In reviewing the housing situation in my talk to the people on January 3, 1946, I said: “Of the three major components which make up our standard of living - food, clothing, and housing - housing presents our most difficult problem.” I cited to the Congress our need for about 5 million additional homes at once, although the greatest number of homes that had ever been built in one year before the war was less than 1 million. It was clear, I told the Congress, that this was an emergency problem that demanded an emergency method of solution. And five weeks later, I presented to the Congress a veterans’ emergency housing program, with the request that legislation be promptly enacted for carrying out the program.
Meanwhile, the shortage had become acute, particularly where veterans and their families were concerned. Thousands were finding it impossible to obtain adequate housing, in spite of our best efforts to facilitate new construction. Feeling that every effort at relief was worthwhile, I discussed the matter with representatives of the Protestant, Catholic, and Jewish faiths and suggested a nationwide “Share the Housing” drive to be conducted through the churches of the land.

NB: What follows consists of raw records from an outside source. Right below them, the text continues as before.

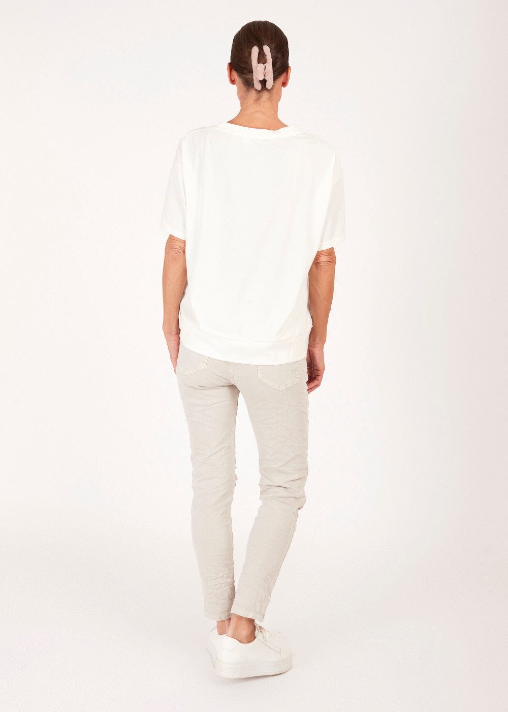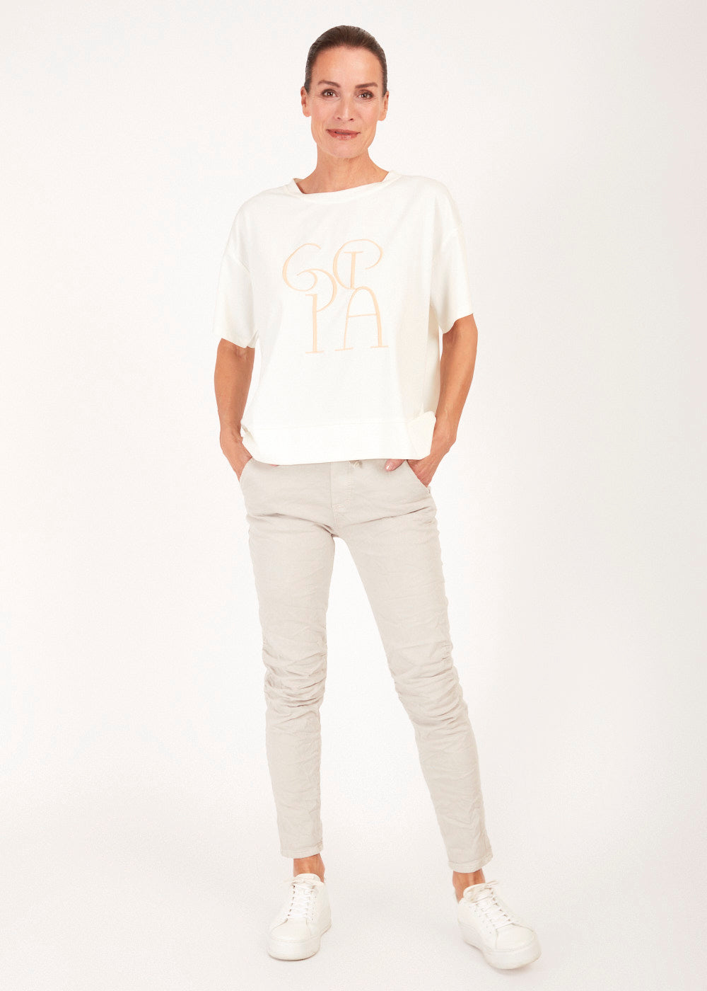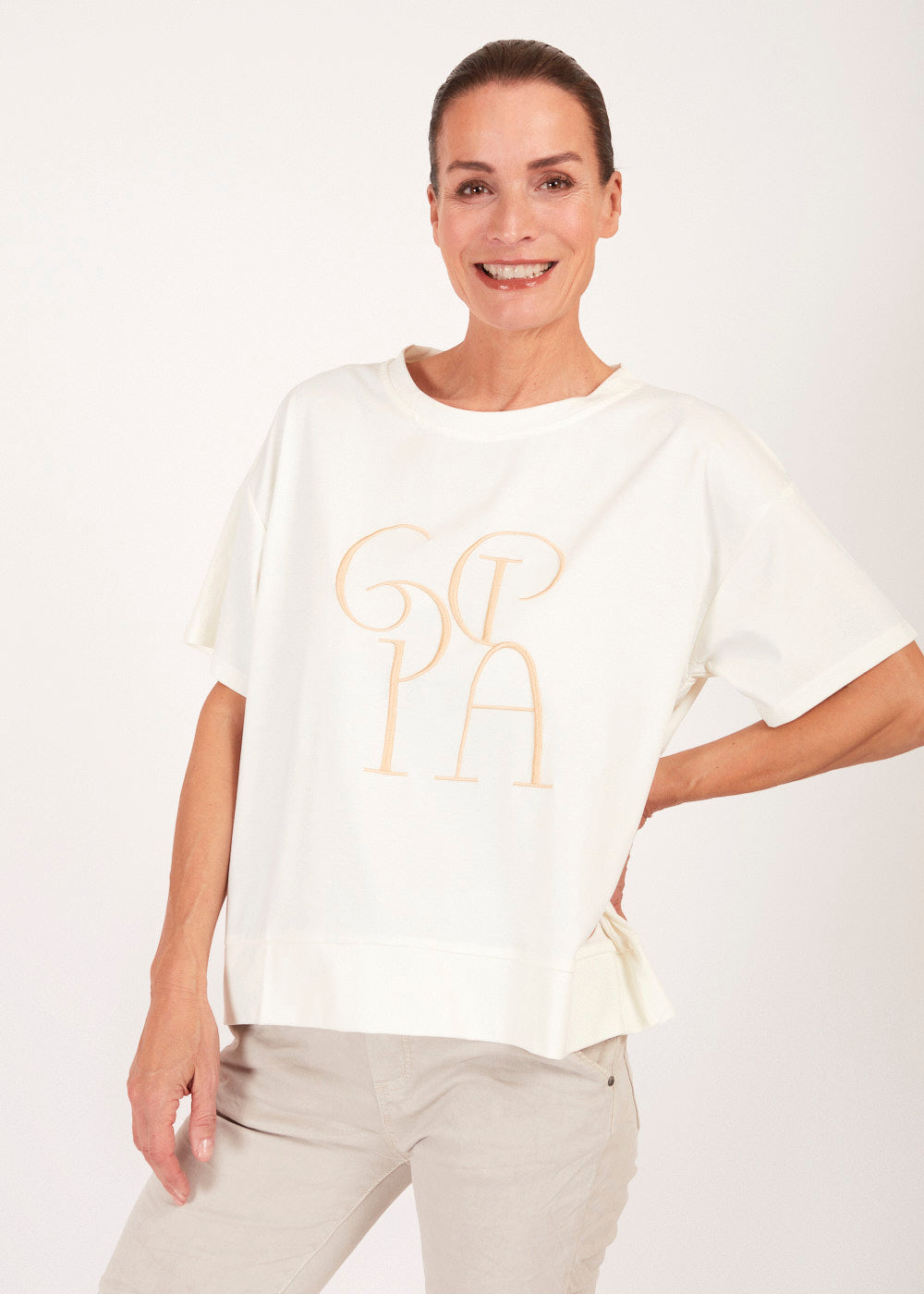 Entdecke unser Shirt mit der Stickerei "Gioia", was so viel wie "Freude" auf italienisch bedeutet. Perfekt für einen lässigen und dennoch stilvollen Look, der dich im Alltag oder bei besonderen Anlässen begleitet.
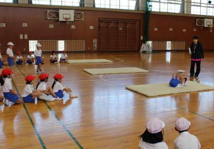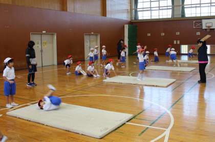 また,上手に前転できる子どもが,お手本として披露する場面もあり
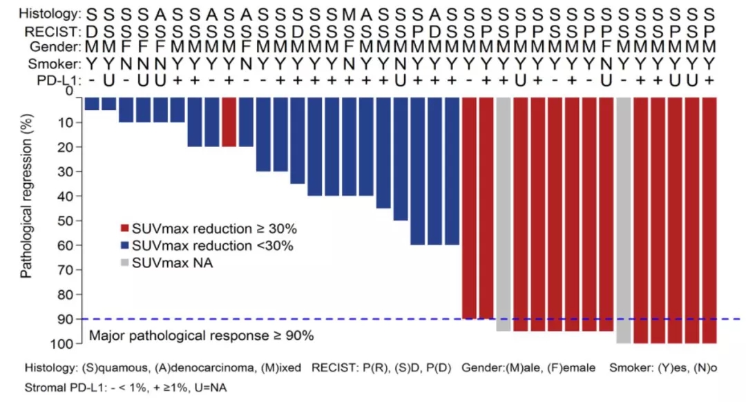 这些研究得出结论:信迪利单抗新辅助治疗I-IIIa期NSCLC患者的主要病理学缓解率为40.5%且可以耐受。治疗后SUV值的下降可能可以预测病理学缓解率。
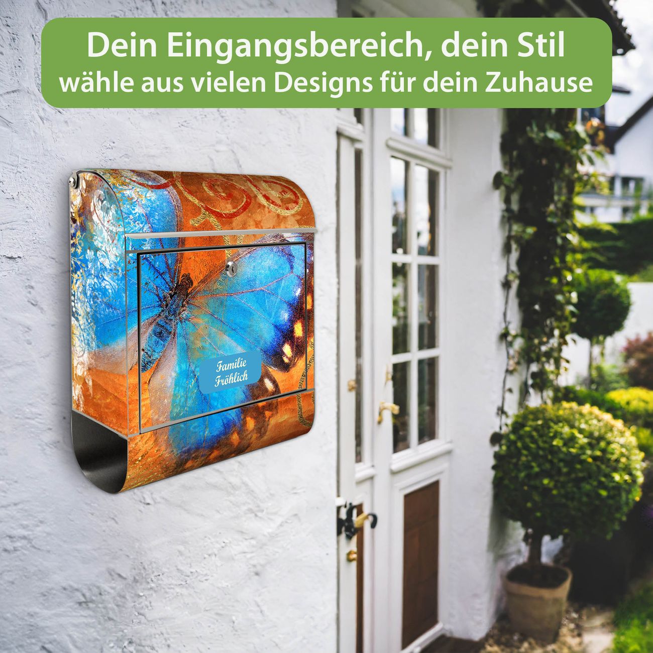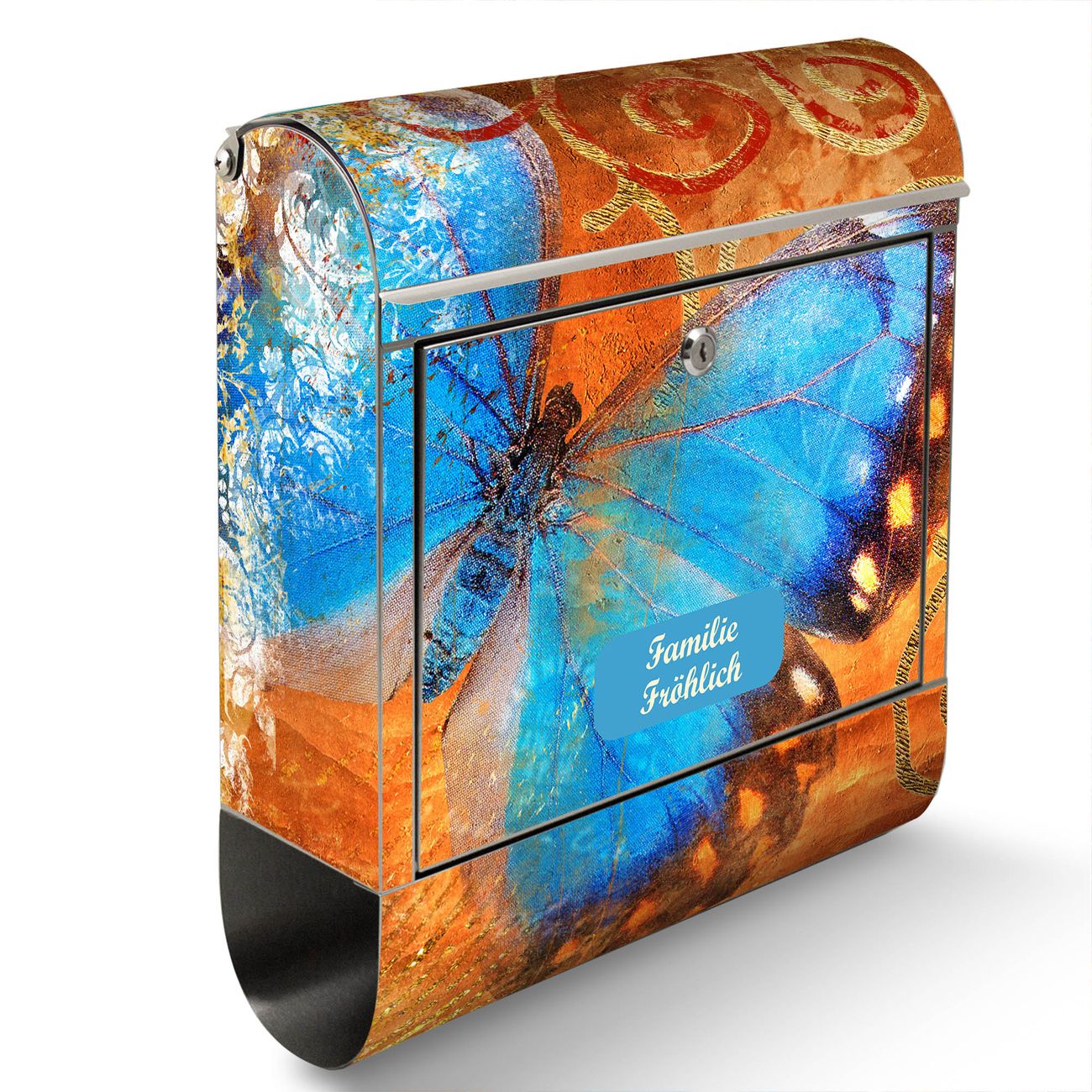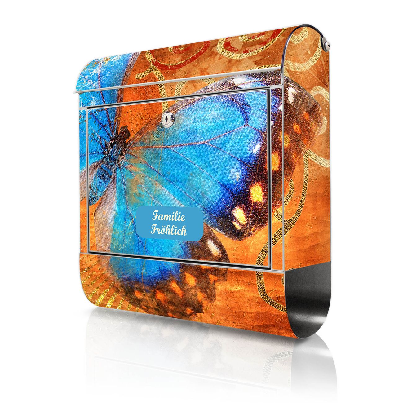 Wandbriefkasten Edelstahl Motiv Schmetterling

Finally, on May 22, the emergency housing bill to provide for the construction of 2.7 million homes for veterans within two years became law. The original proposal submitted by Representative Wright Patman had undergone considerable abuse in both Houses of the Congress before reaching my desk in amended form, but it was nevertheless the first effective legislation designed specifically to cope with the housing shortage. The heart of the program was the appropriation of $400 million for subsidies to spur production of bottleneck materials. The act also increased by $1 million the government’s authority to insure home loans through private capital, thus protecting lenders against risks incurred by selling homes on small down payments.
This was only emergency legislation, and its provisions were not designed to take care of the long-range residential building needs. A permanent law which would implement the construction of 15 million homes over a ten-year period was being worked on by the Congress. This was the Wagner-Ellender-Taft bill providing government loans to small-income builders, slum clearance, and other general inducements to low-cost housing construction. I urged Representative Brent Spence, chairman of the House Committee on Banking and Currency, to take quick action to help solve the problem, but despite my warning and Spence’s tireless efforts, the months dragged by with no decisive action from the Congress. By October, the nation was confronted with an emergency unique in its history.

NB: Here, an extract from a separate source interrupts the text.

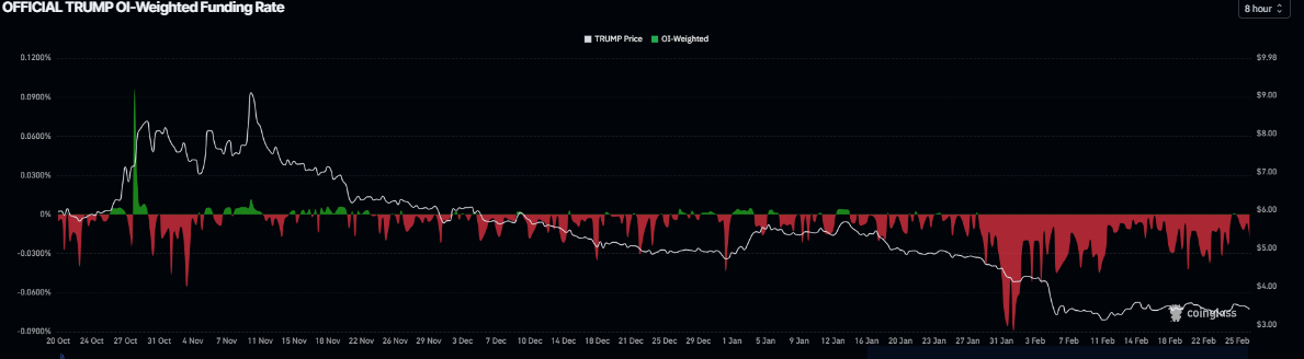 TRUMP’s derivatives data supports a bearish bias. The meme coin funding rate flipped negative on Wednesday and stands at -0.019% on Friday, according to CoinGlass. The negative metric suggests that shorts are paying longs, suggesting bearish sentiment toward Official Trump.
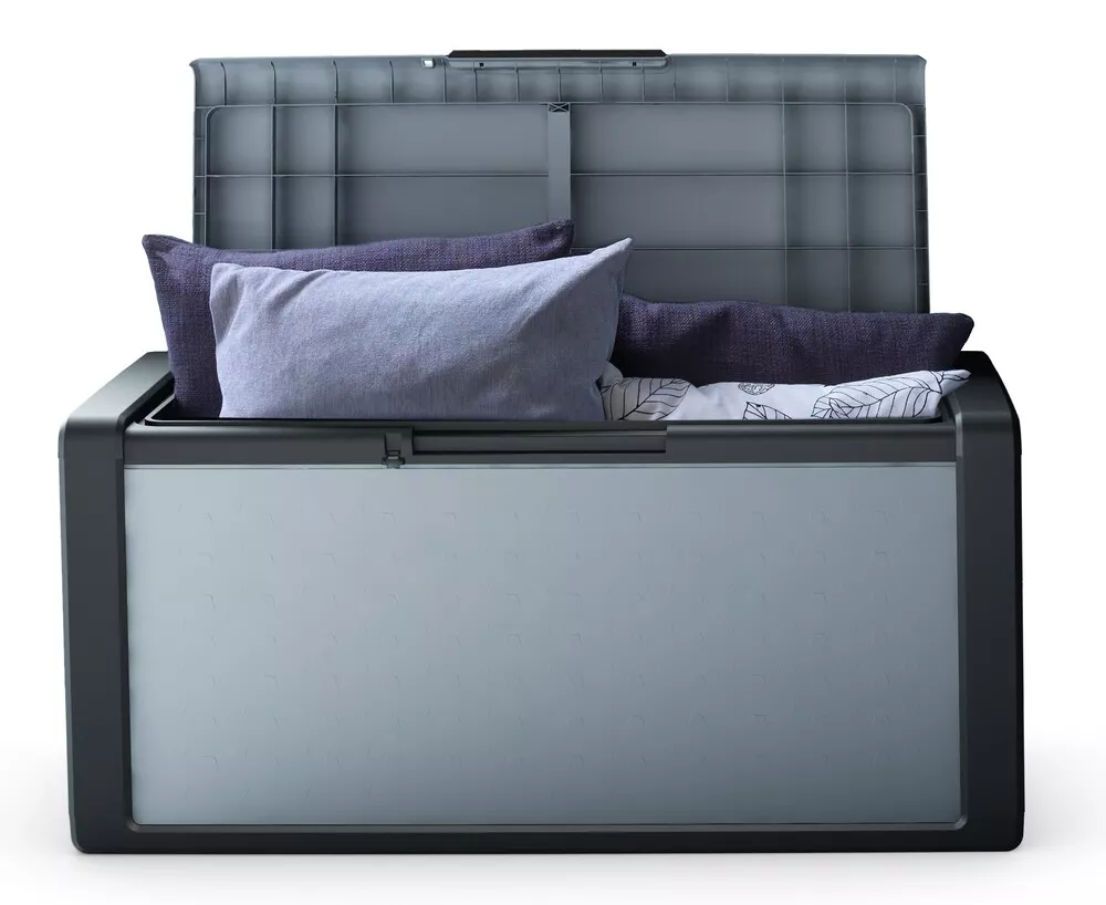 Elegantní kombinace šedé a černé barvy působí moderně a snadno se sladí s ostatním zahradním nábytkem. Praktické boční úchyty usnadňují manipulaci a box je možné uzamknout visacím zámkem (není součástí balení), což zvyšuje bezpečnost uloženého obsahu.

The minimum goal set by Housing Expediter Wyatt for new construction in 1946 had been 1.2 million homes - mostly for veterans. In October, he reported 708,000 started, and 350,000 completed. Wyatt had performed prodigiously in accomplishing this, but there were many handicaps with which he had to reckon.
The chief deterrent to faster construction was the failure of the Congress to provide the enabling legislation. It had pared $200 million for subsidies from the emergency housing act before approving it in May. It had failed to give prompt enactment to the Wagner-Ellender-Taft bill to provide low-cost housing. It had refused to approve price ceilings on existing housing and had allowed the OPA to expire. Other almost insurmountable handicaps cropped up in the form of material shortages, work stoppages, and the persistent lobbying in Washington by groups from the real estate, lumber, contracting, and other special interests.
It became necessary for me to issue a proclamation on October 25 declaring a state of emergency because of the housing shortage and authorizing free importation of lumber into the country.